Let’s say your machine learning model performs better than than you expect it to in the test set. You are happy. Well, you should be. Now, you release the model to the world, or say you apply the model on different data. But, then something awful happens. Oops! your model performs worse than it did in your test set. And not just worse, it does not make a single accurate prediction. The model which you trained for hours and gave a great R2 value is abandoning you now. You spend hours in debugging. Then, you find the culprit: data leakage.
Data Leakage is the creation of unexpected additional information in the training data, allowing a model or machine learning algorithm to make unrealistically good predictions.
Data leakage can happen when the data you are using to train a machine learning algorithm contains the information you are trying to predict.

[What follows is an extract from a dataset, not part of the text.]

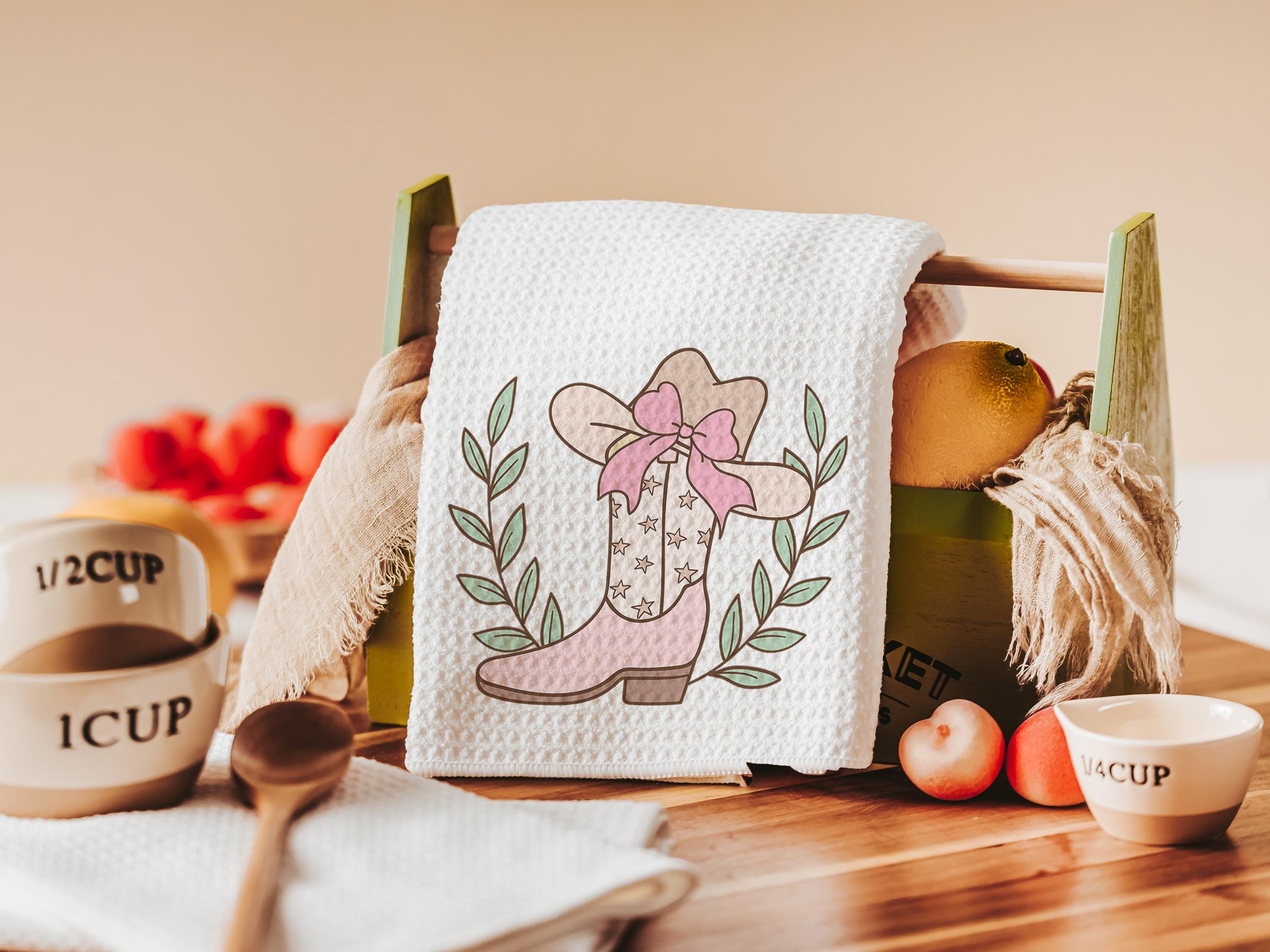 cowgirl coquette throw pillows for bed light pink western nursery decor girl, country girl kitchen towels for friends, cute Christmas gifts

For example, you want to train a machine learning algorithm to classify whether the image contains a hot dog or not. And you train your model with the following images:
Your classifier may seem to do well on most hot dogs but it may decide a hot dog is a thing which has yellow sausage on it. So, it may not recognize this as a hot dog.
In this case, the yellow sausage gave your model too much predictive power and your model is using it to cheat on its predictions.
You can minimize data leakage by:
Before building the model, look for features highly correlated with the target value. Also, if your model is performing too good to be true, it may be an indication of data leakage. Data leakage is one the most common machine learning problems. So, it must be taken care of.